1、例如,在MMSegmentation中,用下面的配置来改变PSPNet的主干。
norm_cfg = dict(type='SyncBN', requires_grad=True)
model = dict(
type='MaskRCNN',
pretrained='torchvision://resnet50',
backbone=dict(
type='ResNetV1c',
depth=50,
num_stages=4,
out_indices=(0, 1, 2, 3),
dilations=(1, 1, 2, 4),
strides=(1, 2, 1, 1),
norm_cfg=norm_cfg,
norm_eval=False,
style='pytorch',
contract_dilation=True),
decode_head=dict(...),
auxiliary_head=dict(...))
2、ResNet and HRNet use different keywords to construct.
_base_ = '../pspnet/psp_r50_512x1024_40ki_cityscpaes.py'
norm_cfg = dict(type='SyncBN', requires_grad=True)
model = dict(
pretrained='open-mmlab://msra/hrnetv2_w32',
backbone=dict(
_delete_=True,
type='HRNet',
norm_cfg=norm_cfg,
extra=dict(
stage1=dict(
num_modules=1,
num_branches=1,
block='BOTTLENECK',
num_blocks=(4, ),
num_channels=(64, )),
stage2=dict(
num_modules=1,
num_branches=2,
block='BASIC',
num_blocks=(4, 4),
num_channels=(32, 64)),
stage3=dict(
num_modules=4,
num_branches=3,
block='BASIC',
num_blocks=(4, 4, 4),
num_channels=(32, 64, 128)),
stage4=dict(
num_modules=3,
num_branches=4,
block='BASIC',
num_blocks=(4, 4, 4, 4),
num_channels=(32, 64, 128, 256)))),
decode_head=dict(...),
auxiliary_head=dict(...))
3、The delete=True would replace all old keys in backbone field with new keys.
在配置中使用中间变量。
一些中间变量在配置文件中使用,比如数据集中的train_pipeline /test_pipeline。值得注意的是,当修改子配置中的中间变量时,用户需要将中间变量再次传递到相应的字段中。例如,我们想要改变多尺度策略来训练/测试PSPNet。Train_pipeline /test_pipeline是我们想要修改的中间变量。
_base_ = '../pspnet/psp_r50_512x1024_40ki_cityscapes.py'
crop_size = (512, 1024)
img_norm_cfg = dict(
mean=[123.675, 116.28, 103.53], std=[58.395, 57.12, 57.375], to_rgb=True)
train_pipeline = [
dict(type='LoadImageFromFile'),
dict(type='LoadAnnotations'),
dict(type='Resize', img_scale=(2048, 1024), ratio_range=(1.0, 2.0)), # change to [1., 2.]
dict(type='RandomCrop', crop_size=crop_size, cat_max_ratio=0.75),
dict(type='RandomFlip', flip_ratio=0.5),
dict(type='PhotoMetricDistortion'),
dict(type='Normalize', **img_norm_cfg),
dict(type='Pad', size=crop_size, pad_val=0, seg_pad_val=255),
dict(type='DefaultFormatBundle'),
dict(type='Collect', keys=['img', 'gt_semantic_seg']),
]
test_pipeline = [
dict(type='LoadImageFromFile'),
dict(
type='MultiScaleFlipAug',
img_scale=(2048, 1024),
img_ratios=[0.5, 0.75, 1.0, 1.25, 1.5, 1.75], # change to multi scale testing
flip=False,
transforms=[
dict(type='Resize', keep_ratio=True),
dict(type='RandomFlip'),
dict(type='Normalize', **img_norm_cfg),
dict(type='ImageToTensor', keys=['img']),
dict(type='Collect', keys=['img']),
])
]
data = dict(
train=dict(pipeline=train_pipeline),
val=dict(pipeline=test_pipeline),
test=dict(pipeline=test_pipeline))
我们首先定义新的train_pipeline / test_pipeline,并将它们传递给数据。

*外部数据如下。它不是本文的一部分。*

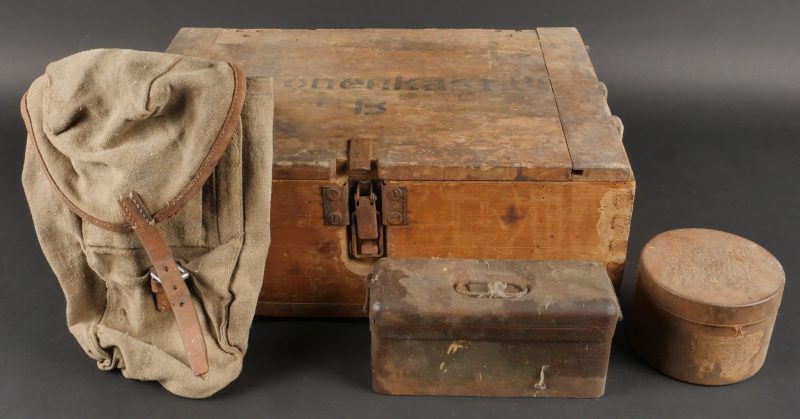 Caisse et boîte allemandes et sacoche. Patronenkasten 88, boîte de charge de 12 cm WG, une sacoche en toile à identifier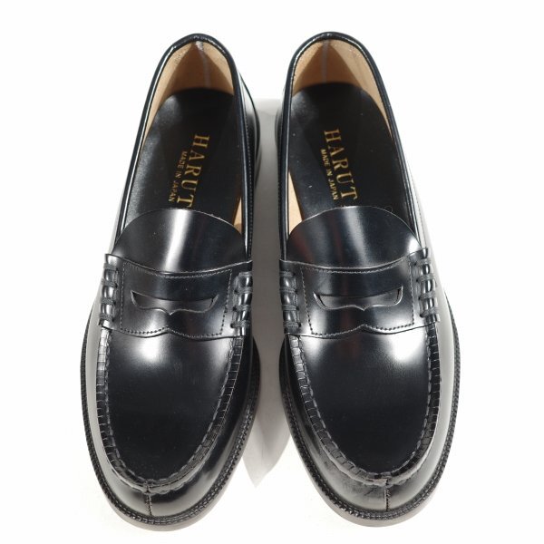 新品1円~★定価1.2万 HARUTA ハルタ 日本製 牛革レザー 定番 コインローファーシューズ 24.5cm EEE 黒 ブラック ガラス加工 ◆4674◆
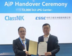 ClassNK has issued an Approval in Principle (AiP) for a 13,000 m³ LPG carrier developed by CSSC Huangpu Wenchong Shipbuilding Co., Ltd. The certificate handover took place at Marintec China 2025.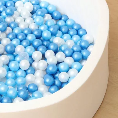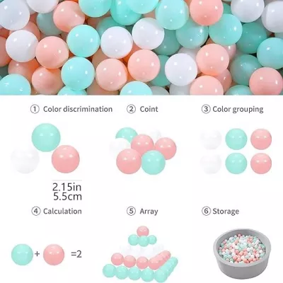 Set de bolas de piscina de 5,5 cm en colores rosa, celeste y blanco perla. Libres de BPA, ftalatos y plomo. Diseñadas para fomentar la creatividad, el desarrollo motor y el juego seguro y armonioso.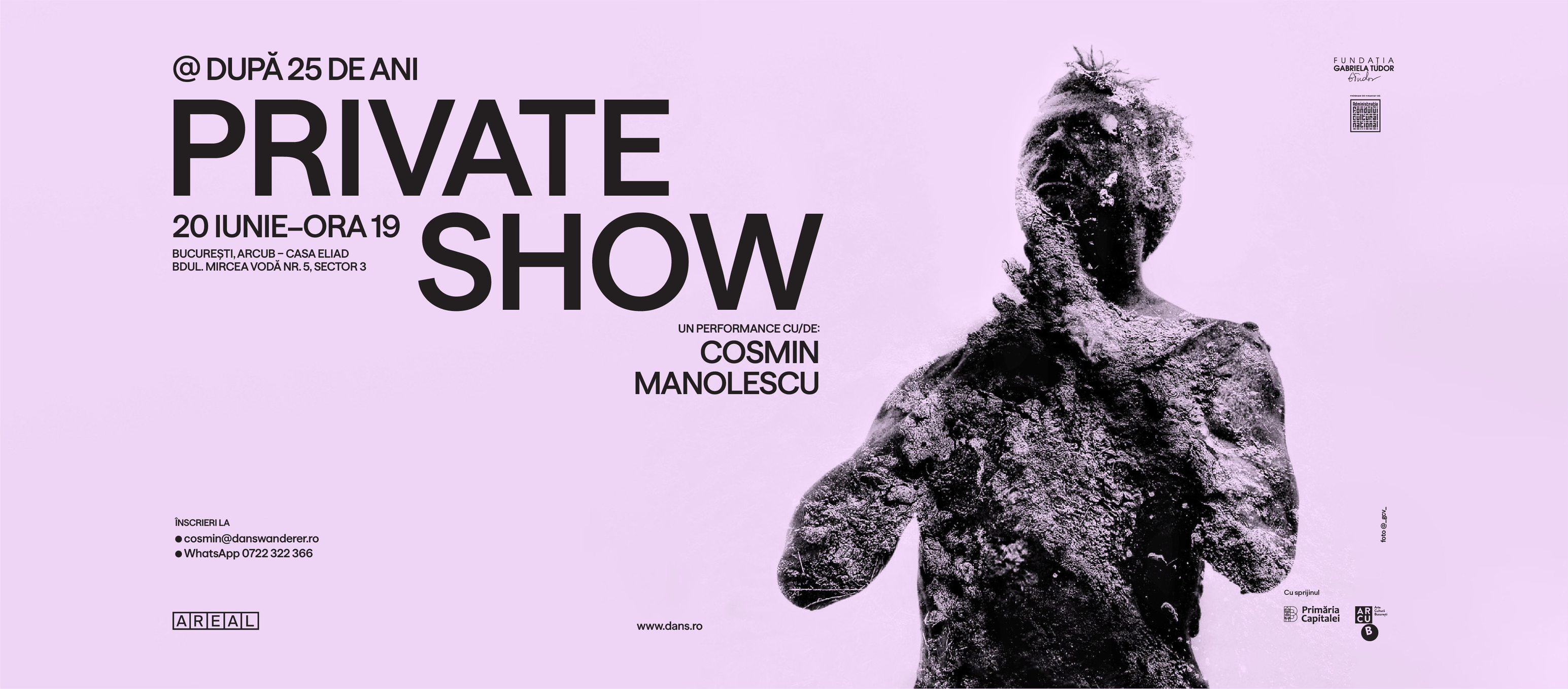 De asemenea, în data de 20 iunie, coregraful Cosmin Manolescu va prezenta la ARCUB - Casa Eliad performance-ul Private Show @după 25 ani, un performance-dialog despre memoria corpului, la care persoanele interesate își pot rezerva locul la adresa de email cosmin@danswanderer.ro sau WhatsApp 0722322366.

类似地,如果我们想从SyncBN切换到BN或MMSyncBN,我们需要替换配置中的每个norm_cfg。
_base_ = '../pspnet/psp_r50_512x1024_40ki_cityscpaes.py'
norm_cfg = dict(type='BN', requires_grad=True)
model = dict(
backbone=dict(norm_cfg=norm_cfg),
decode_head=dict(norm_cfg=norm_cfg),
auxiliary_head=dict(norm_cfg=norm_cfg))
边栏推荐
- R语言使用lm函数构建简单线性回归模型(建立线性回归模型)、拟合回归直线、使用attributes函数查看线性回归模型的属性信息、获取模型的系数值coefficients
- Program coding in programming
- Computer level 2 test preparation MySQL day 4
- Industry application saves 5g? Don't think too much. It's still mobile phone users who save 5g
- Take stock of the tourist attractions in Singapore
- Test: friend circle like function
- [homeassistant shakes hands with 28byj-48 stepping motor]
- 归并排序最简单的写法——只需要不到15行
- HarmonyOS(鸿蒙)全网最全资源汇总,吐血整理,赶紧收藏!
- 软件测试:工作后才知道的10条超实用测试准则
猜你喜欢

信用卡客户流失预测
![[cryptography] AES encryption and decryption](/img/a5/ad3fed3004646ca894d59cc22d2f11.png)
[cryptography] AES encryption and decryption

STM32 MPU 开发者的十大工作准则

Ten working principles for STM32 MPU developers

模型部署篇

【Lingo】运算符

Comment le système d'affaires devrait - il être antivirus?
![Huawei software test interview question | a Huawei successful employee's sharing [written examination question]](/img/4c/7fb9390dd9490c6a1a75331e737d97.jpg)
Huawei software test interview question | a Huawei successful employee's sharing [written examination question]

当你的华强北耳机掉水里了怎么办?怎么恢复音质?

Swin-Unet最强分割网络
随机推荐
服务管理与通信,基础原理分析
Sqlserver restore failed (the database is in use and cannot gain exclusive access to the database)
Ayutthaya, Bangkok, Thailand, was rated as "the most worthwhile city to visit in the post epidemic era" by Forbes
Take stock of the tourist attractions in Singapore
The tab1 function in the epidisplay package of R language calculates the frequency of vector data and visualizes it (one-dimensional frequency table, frequency percentage, cumulative percentage, using
Research Report on water jet cutting equipment industry - market status analysis and development prospect forecast
跳过51单片机,直接学STM32有什么严重后果
Computer level 2 test preparation MySQL day 4
Wechat applet bidirectional data binding, parent-child parameter transfer
接口测试怎么进行,如何做好接口测试
How to use module export import: uncaught syntaxerror: cannot use import statement outside a module
测试用例设计方法有哪些?
世界海洋日 | 徜徉于新泽西海洋生物水族馆,记录趣味纽约旅行
What are the serious consequences of skipping 51 MCU and learning STM32 directly
[cryptography] AES encryption and decryption
黑马软件测试脑图
[lingo] solving equations
One's deceased father grind adjusts, read this you will understand!
What is L3? Why do we need L3? How to build?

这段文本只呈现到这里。